Church officials say the twin studies are the first time any religious denomination or profession has laid itself bare before the public by investigating the frequency of child sexual abuse in its ranks. Judging from other studies that indicate that millions of Americans have been sexually abused as minors, Catholic leaders say it is clear the problem extends well beyond the church.
For years, however, some Roman Catholic leaders have asserted that only a tiny portion – 1 percent or less – of all priests are guilty of sexually abusing minors. Others inside and outside the church, such as the priest-sociologist Rev. Andrew Greeley, have maintained that 5 to 10 percent of all U.S. priests probably have had sexual contact with minors.
The $500,000 study made public Friday provided some reasonably hard, nationwide data on abusive priests and their victims for the first time. But the study was unlikely to put the statistical debates to rest, for two main reasons.
First, there are the possible flaws in the study itself. It is based on voluntary self-reporting by the nation’s Catholic dioceses, which were asked to dig through their records and disclose all accusations of abuse since 1950. Victims’ advocates say that figure is essentially a lower limit, since they believe that false allegations are rare and that unreported cases of abuse are common.
“There are really two questions here,” said David Clohessy, national director of the 4,600-member Survivors’ Network of Those Abused by Priests. “Did the church report everything it knows? And does the church know everything?” In Clohessy’s opinion, there is “reason for skepticism on both counts.”
Gregory said last week he is confident that his colleagues “carefully, prudently and honestly reviewed the records that were available to them.” But “if your question is that there may be other people who are victims who have not come forward, and perhaps will not come forward, that is always a possibility.”

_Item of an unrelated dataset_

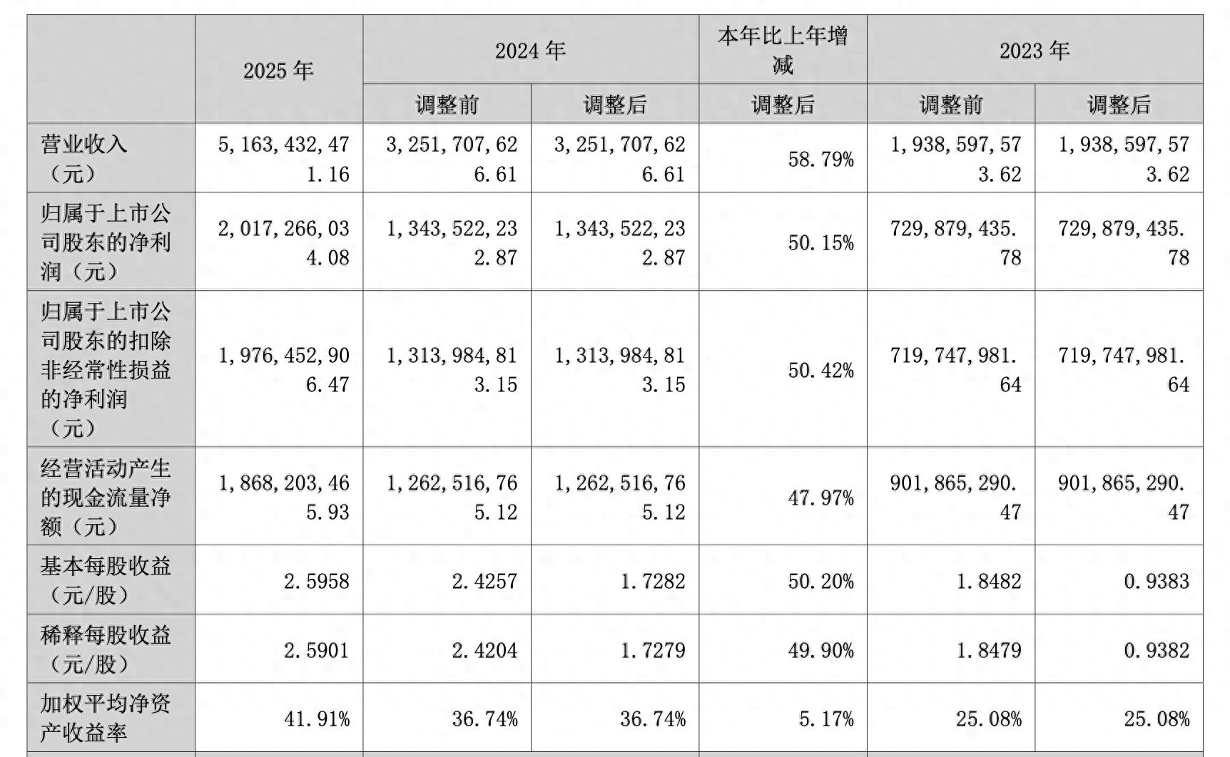 根据公告,公司实现营收为51.63亿元,同比增长58.79%;归母净利润为20.17亿元,同比增长50.15%。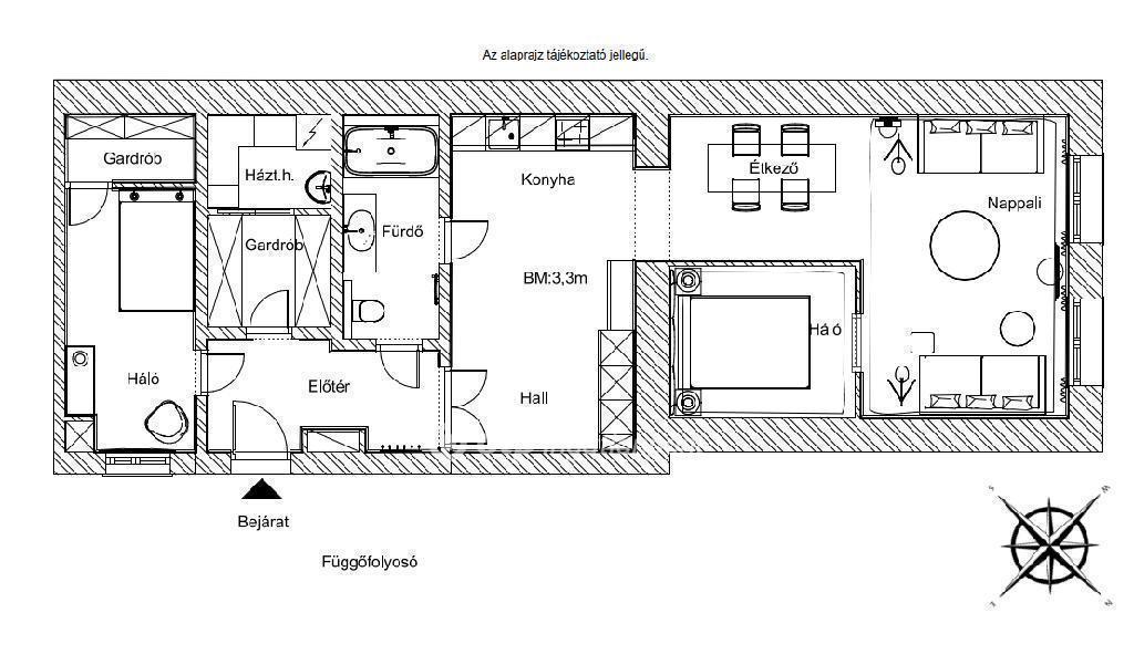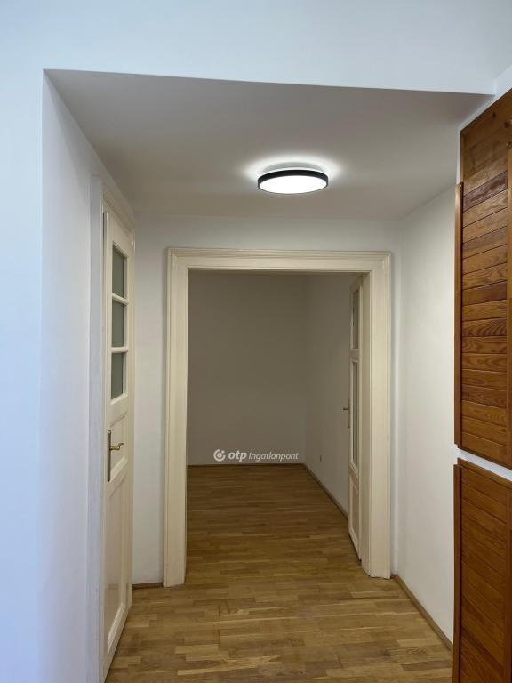 A lakás elosztása: a tágas előszobába lépve jobbra található egy dupla ajtó, ami a hall, nappali, konyha, étkező részbe vezet, ennek nagy ablakai az utcára néznek, ebből a nappaliból lett leválasztva egy hálószoba.

The second, broader reason that the debates will continue is that there are very few data to compare with the statistics produced by the church. National experts on child abuse say there have been studies of Protestant clergy showing a high percentage who have sexual affairs with adults. In a 1993 anonymous survey of Southern Baptist ministers, for example, 14 percent admitted they had engaged in “inappropriate sexual behavior.”